Data extracted from a collection:
___

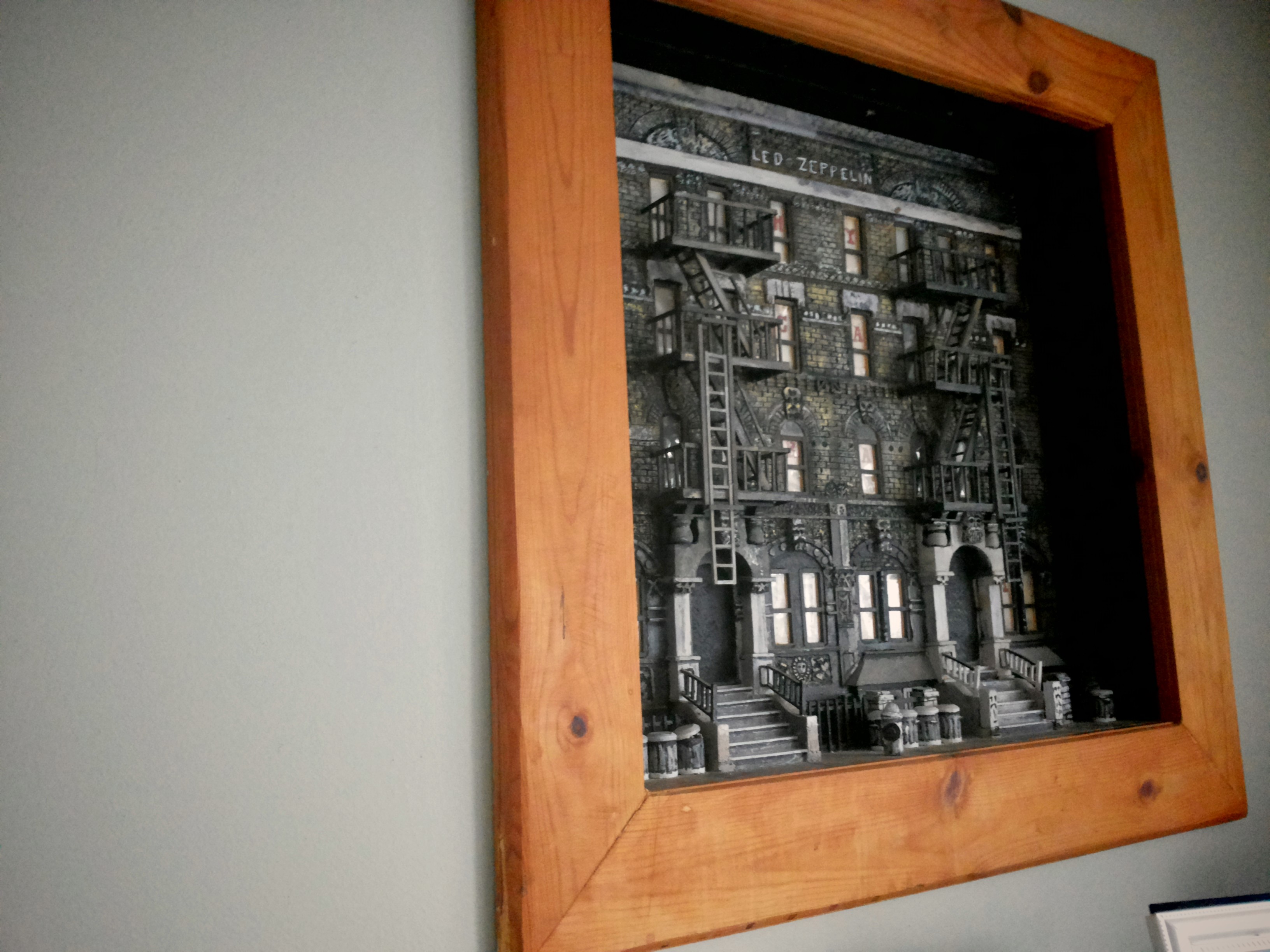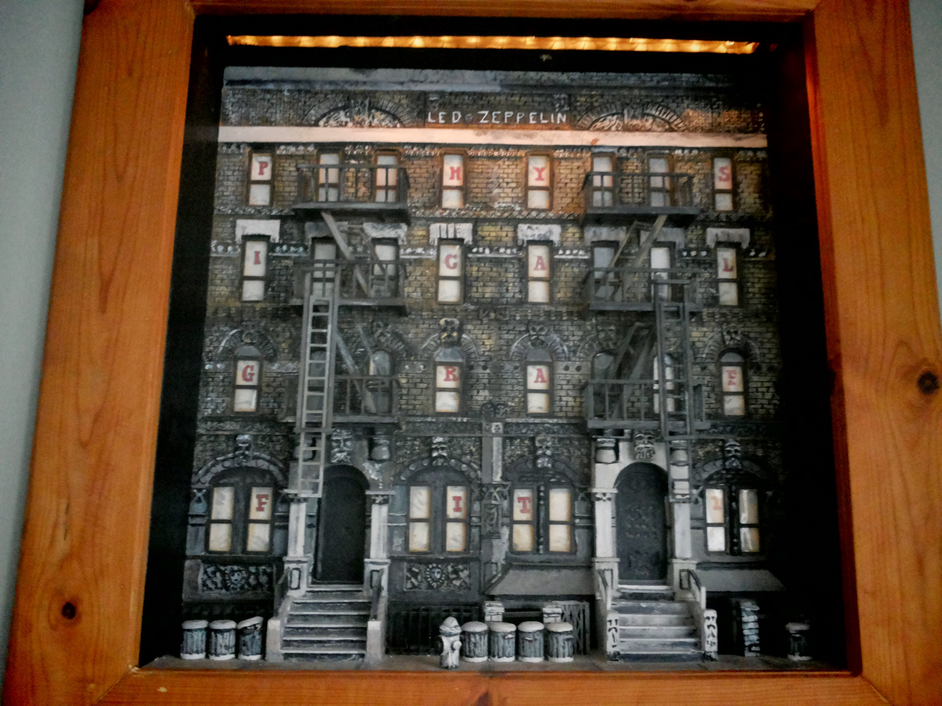 Physical Graffiti is carved by hand and mounted into the wall to highlight the 3D effect. All aspects of the street are elevated from the wall including ladders, steps and garbage cans. Lights added, giving a street light feel when the room is dim.
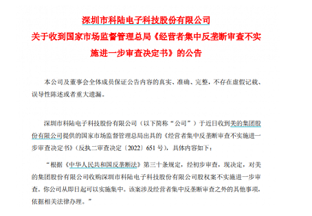 根据公告,公司于近日收到美的集团股份有限公司提供的国家市场监督管理总局出具的《经营者集中反垄断审查不实施进一步审查决定书》,具体内容如下:
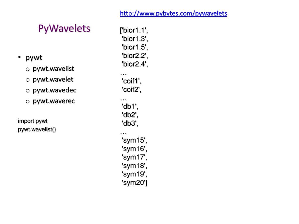 PyWavelets http://www.pybytes.com/pywavelets ['bior1.1', 'bior1.3', 'bior1.5', 'bior2.2', 'bior2.4', … 'coif1', 'coif2', … 'db1', 'db2', 'db3', … 'sym15', 'sym16', 'sym17', 'sym18', 'sym19', 'sym20'] • pywt • pywt.wavelist • pywt.wavelet • pywt.wavedec • pywt.waverec import pywt pywt.wavelist()
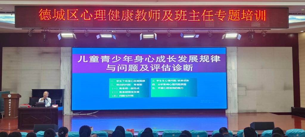 教授张怀春针对儿童青少年身心成长发展规律及评估诊断做专题讲座,为心理健康教师和班主任在教育教学中面对的实际问题答疑解惑。
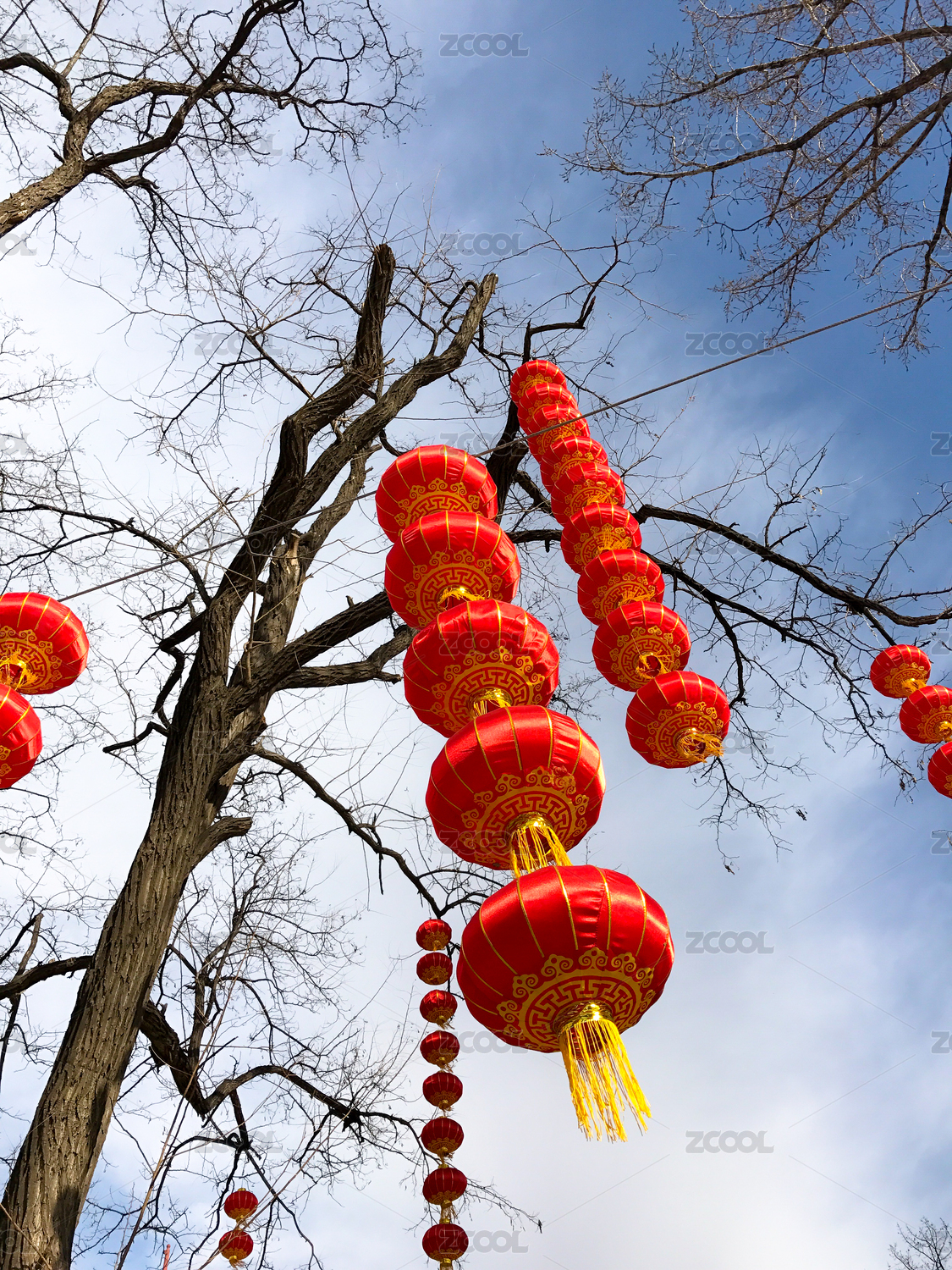 蓝天白云下的树丫挂着红灯笼

___

Work to be completed:
Output nothing except the lines from the one containing "import pywt pywt.wavelist()" through the final line of the entries, repeated exactly and free of pictures.

Task answer:
 PyWavelets http://www.pybytes.com/pywavelets ['bior1.1', 'bior1.3', 'bior1.5', 'bior2.2', 'bior2.4', … 'coif1', 'coif2', … 'db1', 'db2', 'db3', … 'sym15', 'sym16', 'sym17', 'sym18', 'sym19', 'sym20'] • pywt • pywt.wavelist • pywt.wavelet • pywt.wavedec • pywt.waverec import pywt pywt.wavelist()
 教授张怀春针对儿童青少年身心成长发展规律及评估诊断做专题讲座,为心理健康教师和班主任在教育教学中面对的实际问题答疑解惑。
 蓝天白云下的树丫挂着红灯笼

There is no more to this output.